ACTIVITY:
Below are records with pictures. Reproduce exactly the lines from the line with "A escolha da" to the line with "Casual khaki green", inclusive, and leave each picture out.

Source data:
· · · · · · ·

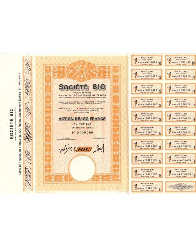 Specimen (number 00000) with facsimile signatures. With the famous Bic brand logo.
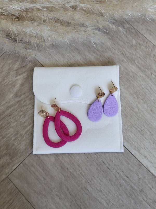 Het zakje is van zachte stof gemaakt. De witte en grijze zakjes zijn van vilt. De roze zakjes zijn van suède.
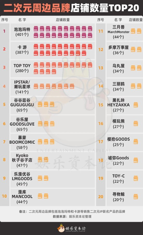 娱乐资本论综合店铺数量、覆盖城市、商圈和消费水平等各项数据,整理了一份二次元周边品牌梯队。
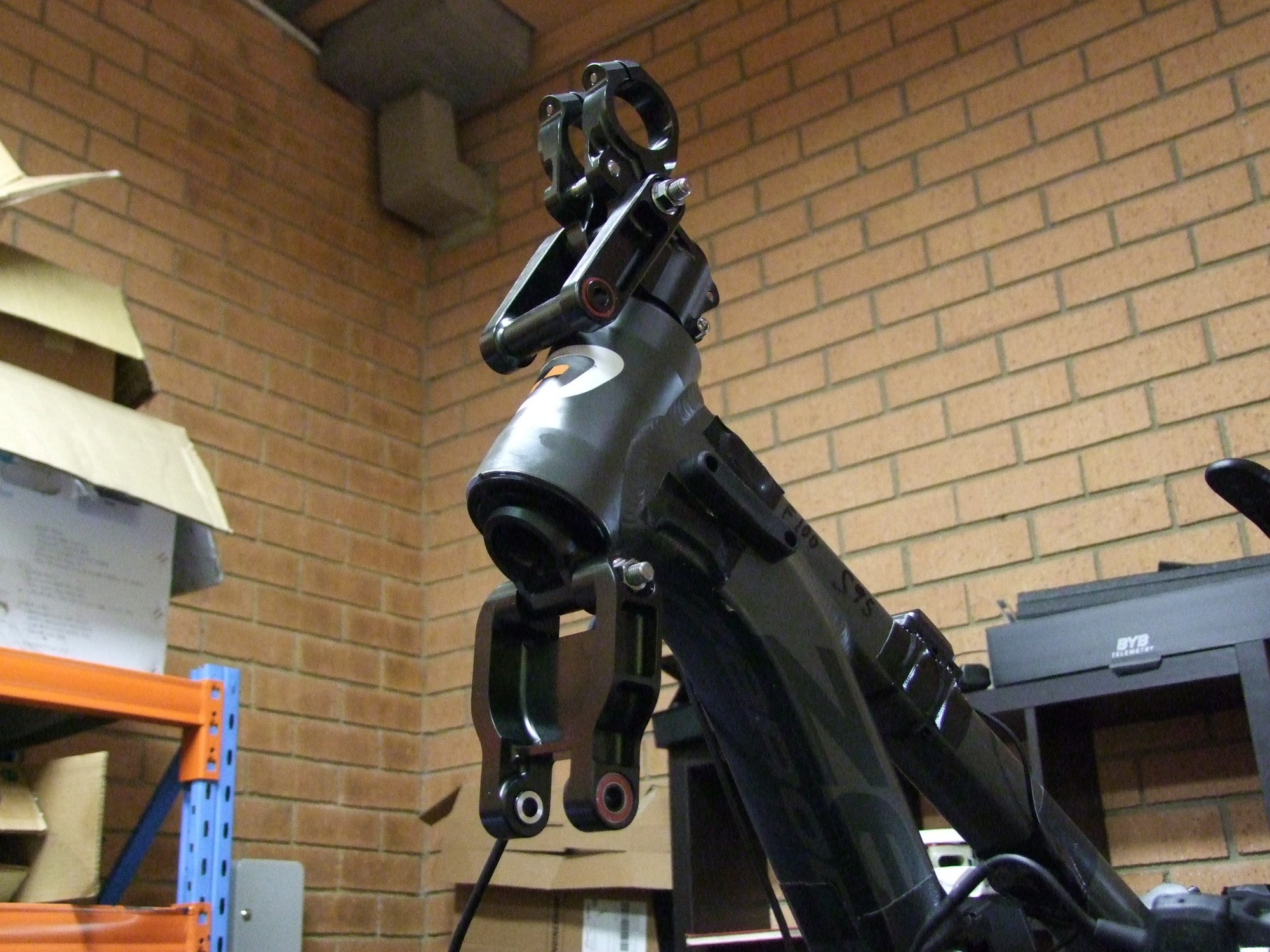 Сейчас у Лоуренса два велосипеда с вилкой такой конструкции. На даунхилльный Zerode G3 он повесил телеметрию BYB и проводит тесты. Вид достаточно сумрачный.
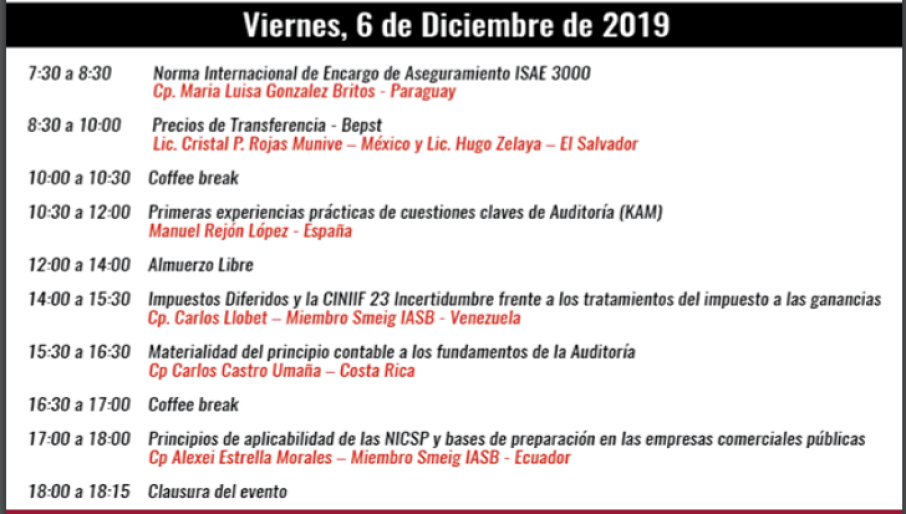 Mañana se retoma la agenda en torno a la Norma Internacional de Encargo de Aseguramiento ISAE 3000, y continúa con la discusión relacionada con los precios de transferencia. A lo largo del día se abordarán diferentes temáticas que concluyen a las 6:00 p.m.
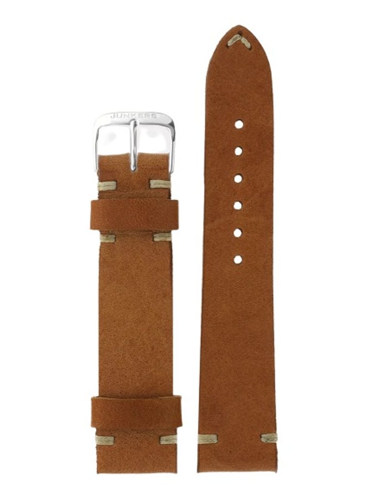 Originálny remienok Junkers v hnedom odtieni vo vintage štýle a so šírkou 20 mm je vyrobený z teľacej kože. Je doplnený striebornou prackou a béžovým prešívaním.
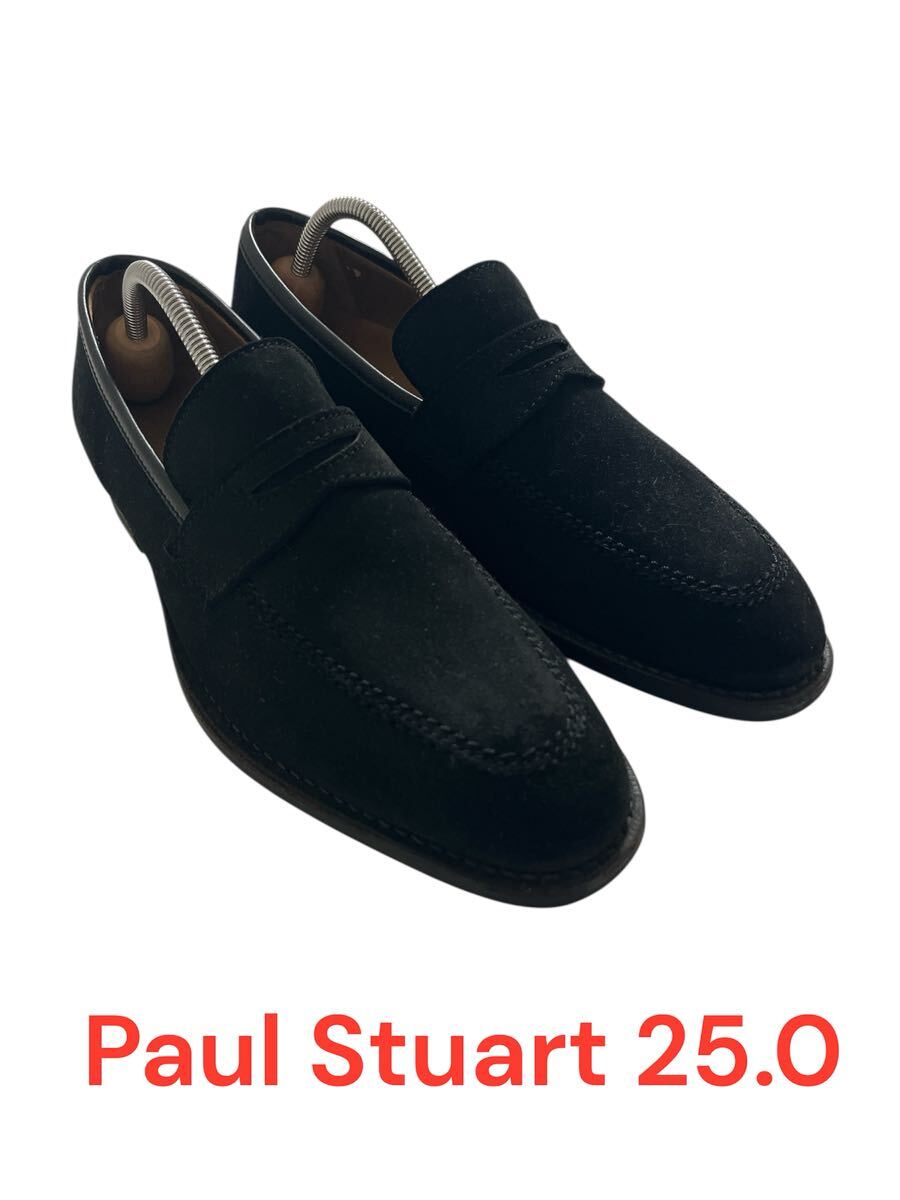 ★Paul Stuart ポールスチュワート★ローファー/25.0㎝/ビジネスシューズ/カジュアルシューズ/スエード/ブラック/黒
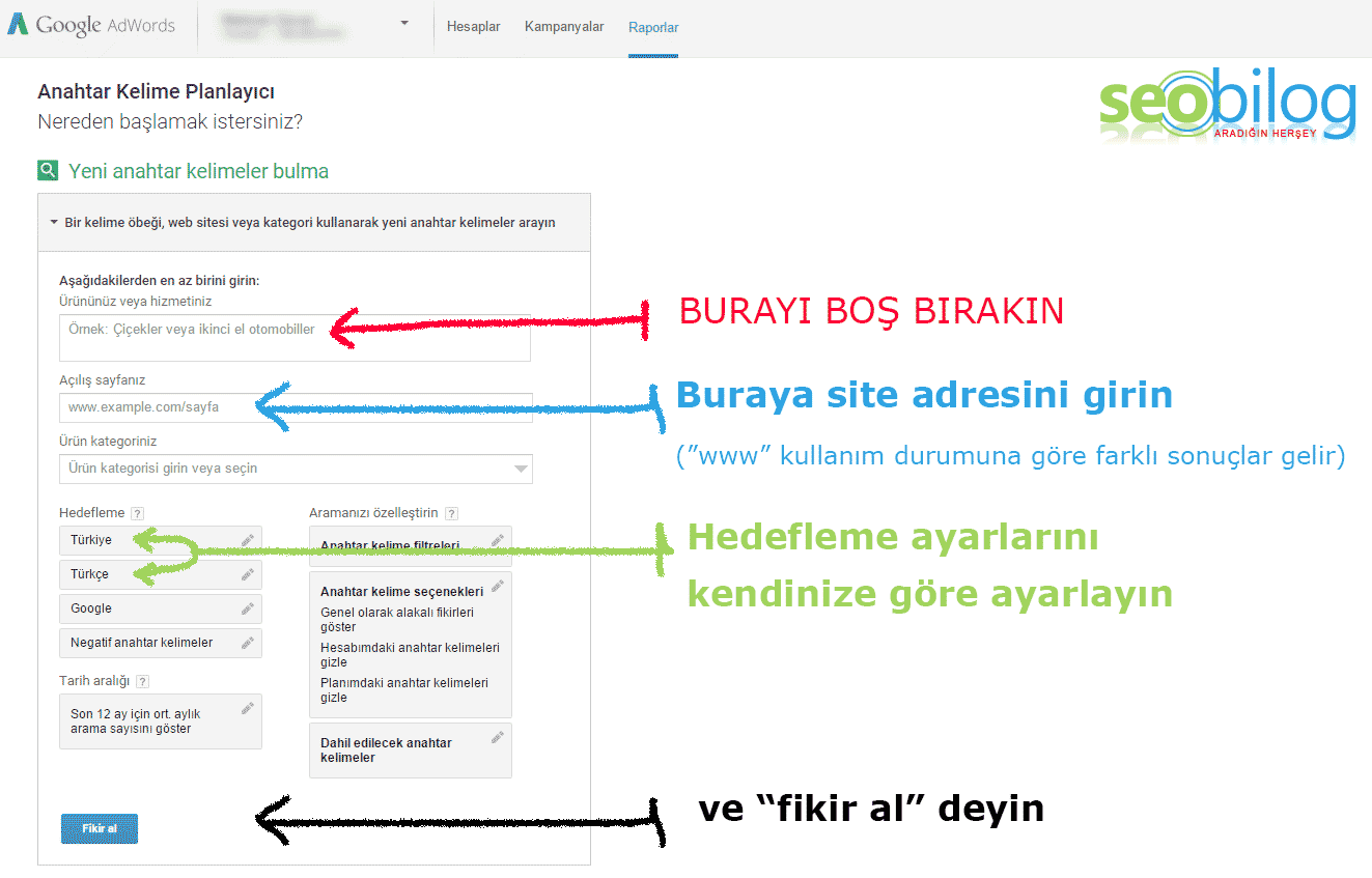 Oh be. Hele şükür sonlara geldik. Açıklaması uygulamasından sordu. Önce Google Anahtar Kelime Planlayıcı aracına girip, ilgili yerleri aşağıdaki gibi doldurun.
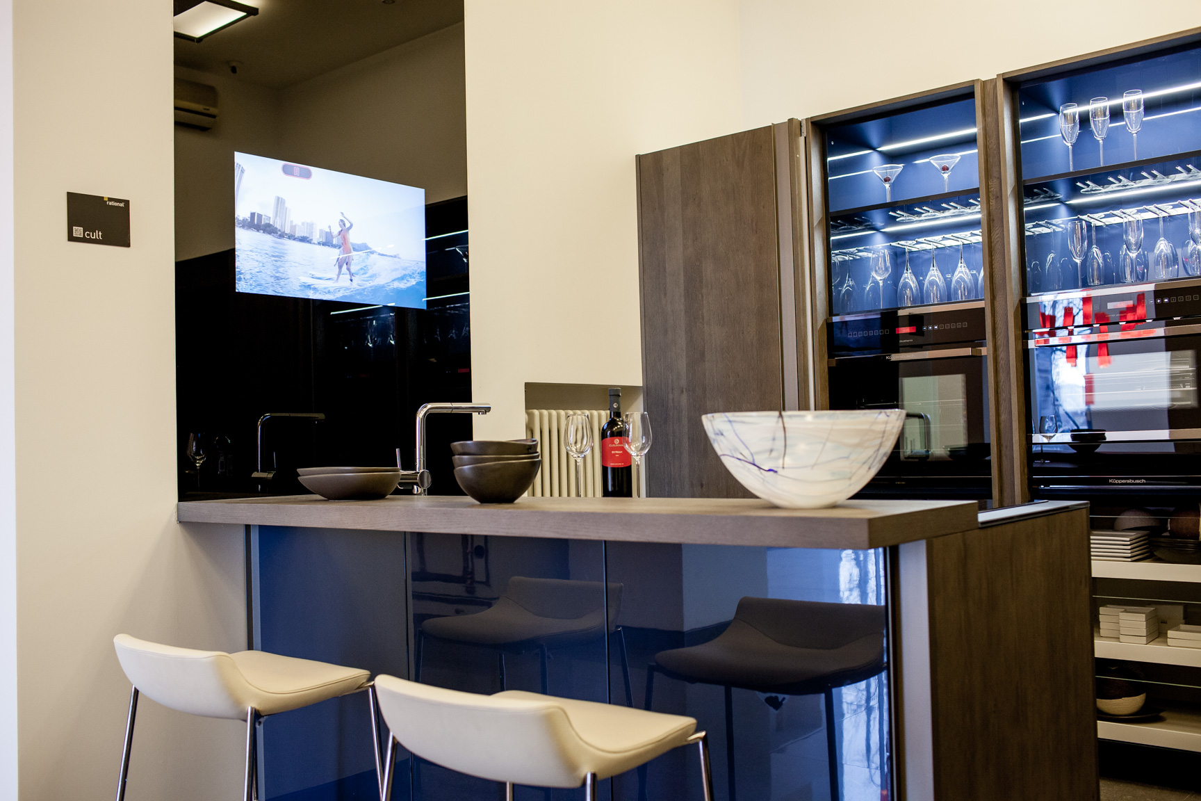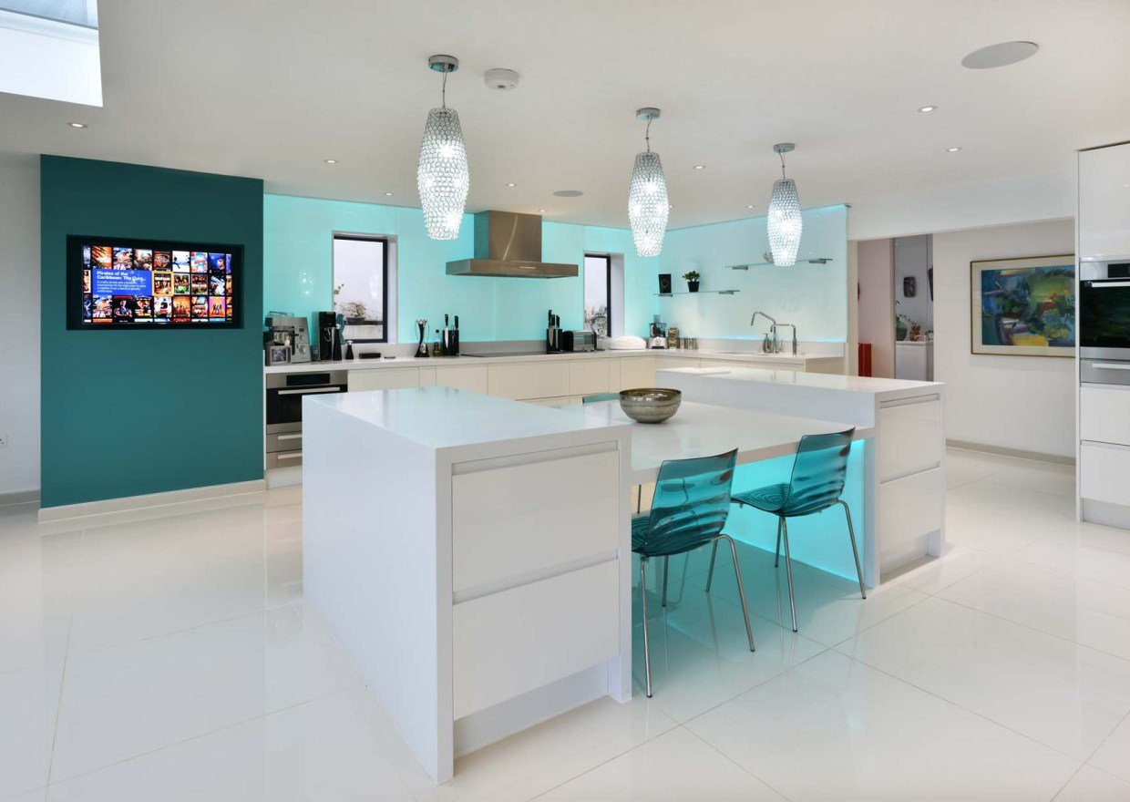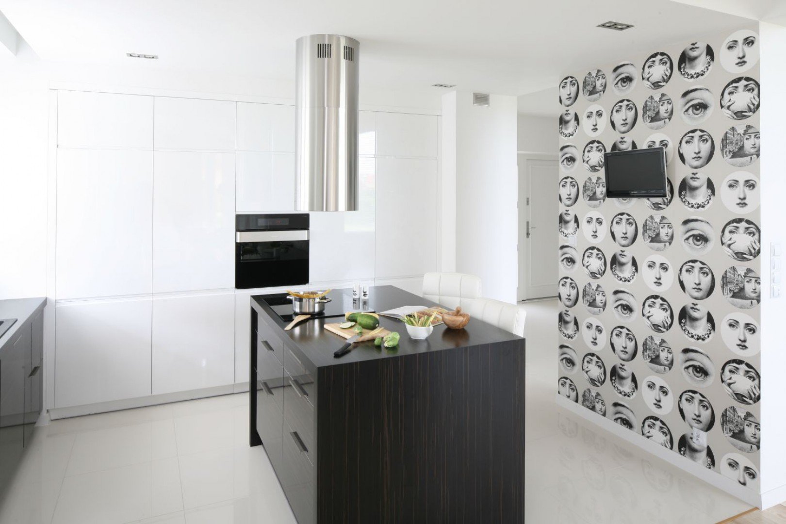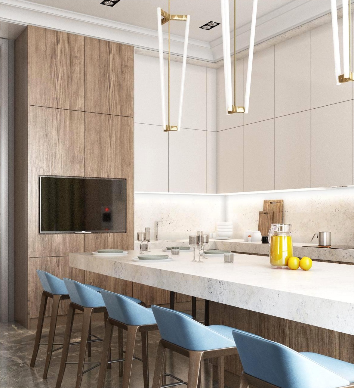 A escolha da altura também é importante, a parte superior do veículo deve estar ao nível dos olhos.. Se o espectador principal é a anfitriã que prepara a comida em pé, a tela deve ser colocada mais alta. Se for incluído apenas durante o almoço e jantar, quando toda a família se senta à mesa - abaixo.
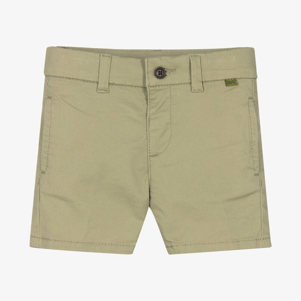 Casual khaki green shorts for little boys by Spanish brand Mayoral, made in sustainable cotton. They have a button fastening, and an adjustable waist for a great fit, with concealed side pockets and buttoned back pockets.
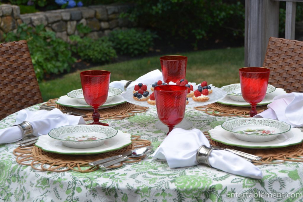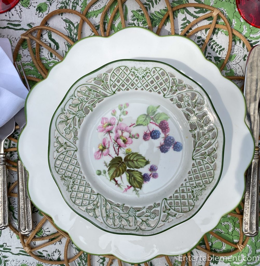 I have been severely remiss in commenting on your beautiful posts lately. I will reveal what we’ve been up to later. This lovely pattern I have never seen, and the reticulated edge gives additional delicacy. I also appreciate your picking up the red in the plates, echoing it in the tarts and goblets, and the greens in the cloth somehow do not spell Christmas.

· · · · · · ·

EXERCISE SOLUTION:
 A escolha da altura também é importante, a parte superior do veículo deve estar ao nível dos olhos.. Se o espectador principal é a anfitriã que prepara a comida em pé, a tela deve ser colocada mais alta. Se for incluído apenas durante o almoço e jantar, quando toda a família se senta à mesa - abaixo.
 Casual khaki green shorts for little boys by Spanish brand Mayoral, made in sustainable cotton. They have a button fastening, and an adjustable waist for a great fit, with concealed side pockets and buttoned back pockets.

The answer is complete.